Registration is still open - here.
Update - the event is for Architects not in the financial services industry (my mistake).
via Soma
Back in the days of fxCop, (before we had to pay for code analysis in Team Developer) if you didn't like an error/warning, you could have your request to ignore said message in an external central file.
With the advent of Visual Studio Team Editions for Developers 2005, suppressions were stored as attributes in front of blocks of code. Look on the bright side we were told - now you could see your suppressions inline with your code, versioned alongside, etc. But we lost some things with this as well. Now if you were doing major code sweeps adding suppressions, you would be touching lots of files, creating some unnecessary code churn.
Another scenario may involve a given developer doing a sweep for localization, or security, compliance, etc. In fxCop, different developers could have different settings & suppression files.

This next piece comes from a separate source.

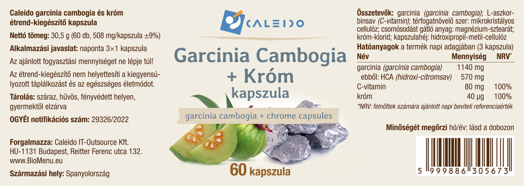 garcinia (garcinia cambogia); kyselina L-askorbová (vitamín C); objemové činidlo: mikrokryštalická celulóza; protihrudkujúca látka: stearan horečnatý; chlorid chrómový; obal kapsuly: hydroxypropylmetylcelulóza

Well, Visual Studio 2008 to the rescue. Code Analysis will now give us back this capability.
One of the little pet projects I'm working on is to take a code analysis pass, and cross reference that with a change set. The goal is to generate a report of obvious warnings related to the code I'm churning. We can't be perfect here as sometimes code analysis will return an error to a line of code you didn't change, but it is indirectly caused by that. The only way to truly get a clean report would be to do a code analysis before & after the checkin - that might be too much. But this would definitely be a great report for a build - to compare code analysis passes on previous builds.
Scott Guthrie announced today that the source code for the .NET Framework will be released with Visual Studio 2008. That's just awesome. Check out the post for the debugging scenario here, it's beautiful to just step right into .NET code. Of course you could have fired up reflector in the past, but this is much more streamlined and bonafide.
This is pretty genuine transparency and will give customers lots to be happy about.